Le bulletin de vote, ce n’est pas automatique
Là aussi, les bulletins de vote sont à la charge des candidats. Les électeurs n’auront donc pas forcément les 33 bulletins à disposition dans leur bureau de vote. Soit parce qu’une liste n’imprimera pas en quantité suffisante les siens, pour pouvoir les transmettre partout sur le territoire, soit tout simplement parce qu’elle n’en imprimera pas du tout.

Il est en revanche possible de mettre à la disposition des électeurs un bulletin téléchargeable sur Internet, à condition que celui respecte les nombreuses règles prévues : format du document (un A4 au format paysage), grammage du papier (70 grammes), couleur unique sur papier, avec mention du nom de la liste et des 79 candidats (mais aucune autre personnalité possible), etc.

Les électeurs pourront également recevoir un bulletin par courrier, en même temps qu’une profession de foi (appelée circulaire), les jours précédent l’élection. L’envoi et la distribution sont ici à la charge de l’Etat. A charge à la liste d’adresser ces documents à temps aux commissions de propagande situées dans chaque département.

Dans les médias, des temps de parole en fonction du poids des parlementaires
A partir de lundi prochain, et jusqu’au vendredi 24 mai à minuit, les spots de campagne électorale vont revenir à la télévision et la radio publique. Ils permettront une expression libre de chacune des listes. Cette fois, toutes les dépenses liées à la production et la diffusion de ces spots sont directement prises en charge par l’Etat, précise le ministère de l’Intérieur.
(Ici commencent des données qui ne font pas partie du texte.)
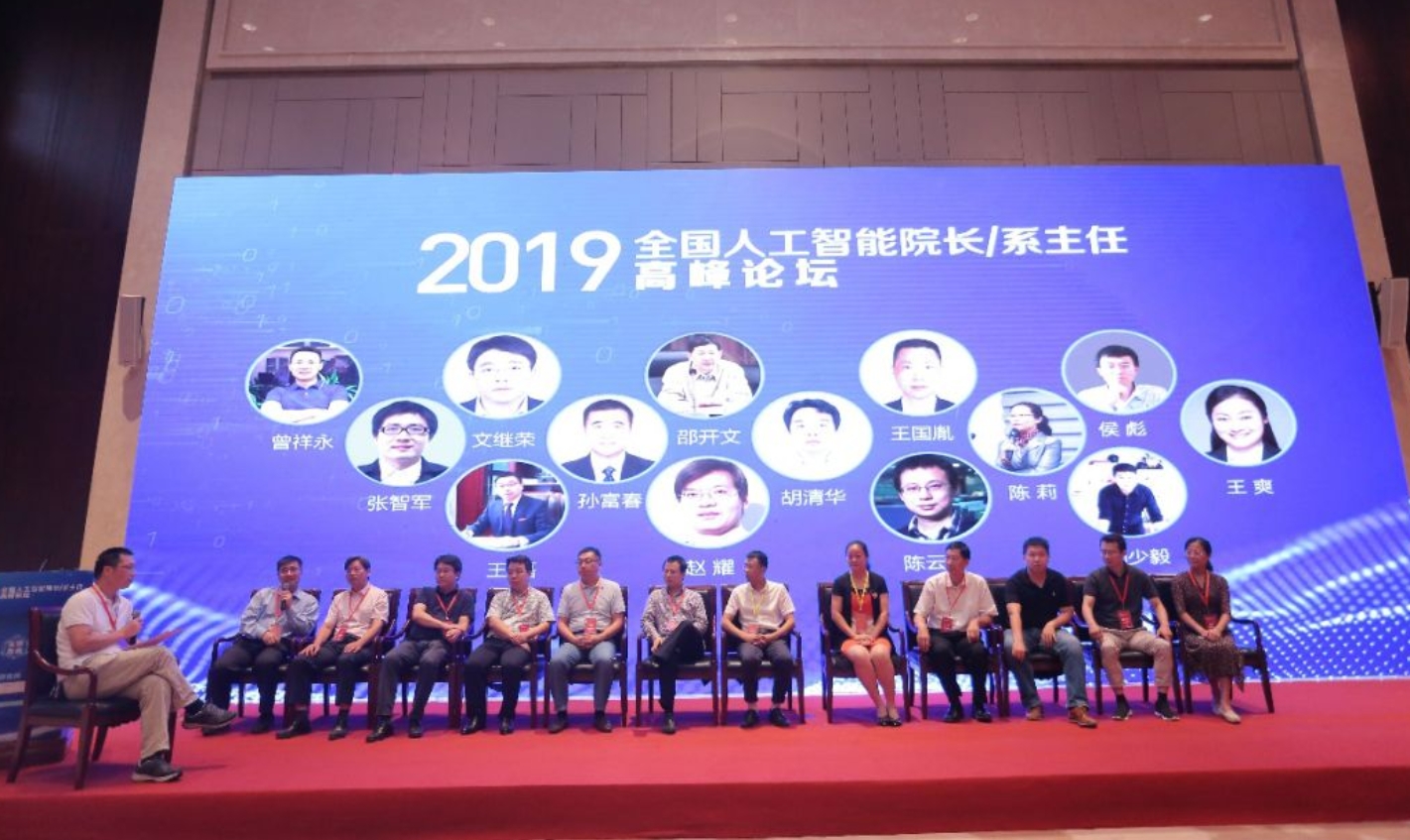 在人工智能院长高峰对话环节,文继荣教授与重庆邮电大学王国胤教授、清华大学孙富春教授、中国科学院计算技术研究所陈云霁教授、北京交通大学赵耀教授等13位专家围绕人工智能技术研究、学科建设、人才培养、产教协同育人等问题展开深入讨论。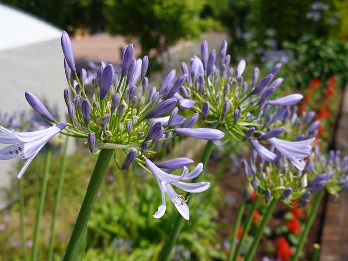 梅雨の時期に花開くアガバンサスは、紫や白など涼しげな色合いで見る人を和ませてくれます。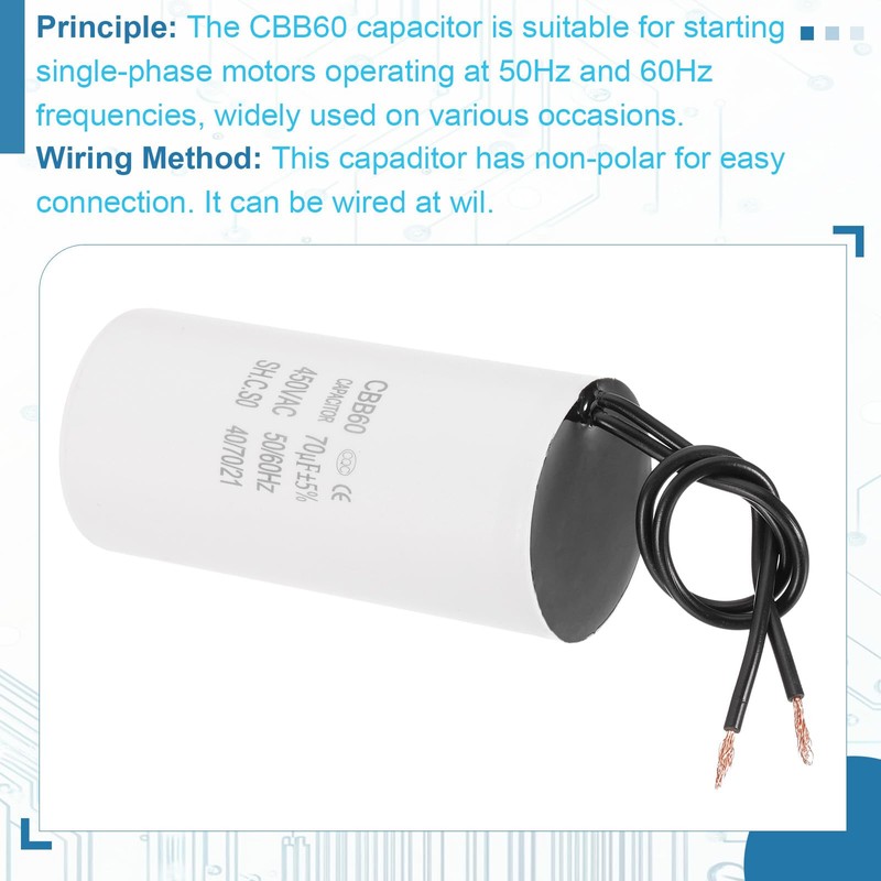 - Instruction: The running capacitor is stable under high temperatures with effective heat dissipation. It's non-polar for easy connection and is convenient without polarity concerns.

Mais les règles ont quelque peu changé depuis une loi de 2018, afin de favoriser le temps d’antenne des formations les mieux représentées au Parlement. Concrètement, ce temps est décompté suivant trois parties :

une durée d’émission de trois minutes pour chacune des listes;
une durée d’émission de deux heures partagée entre les listes en fonction du nombre de députés, de sénateurs et d’eurodéputés déclarant les soutenir. Les élus en question doivent faire connaître leur choix d’ici à ce mercredi.
une dernière durée d’émission d’1h30 répartie par le Conseil supérieur de l’audiovisuel (CSA), qui pourra rééquilibrer les temps d’antenne des listes en fonction de leur représentativité autre que celle au Parlement, par exemple au regard des résultats obtenus lors des précédentes élections. Par exemple, si le RN pourrait pâtir de son faible nombre de parlementaires nationaux, son temps sera rééquilibré grâce à cette troisième fraction.
Les plus petites listes, en mal de soutien parlementaire et plus généralement de poids dans le débat politique actuel, auront donc moins de temps de parole. A noter que c’est le CSA qui déterminera, au plus tard jeudi prochain, l’ordre de passage des différentes listes à l’antenne. Le jour ou l’horaire de diffusion de ces spots ne seront donc pas les mêmes, étant exclu que les 33 spots se suivent en une seule fois sur une même chaîne.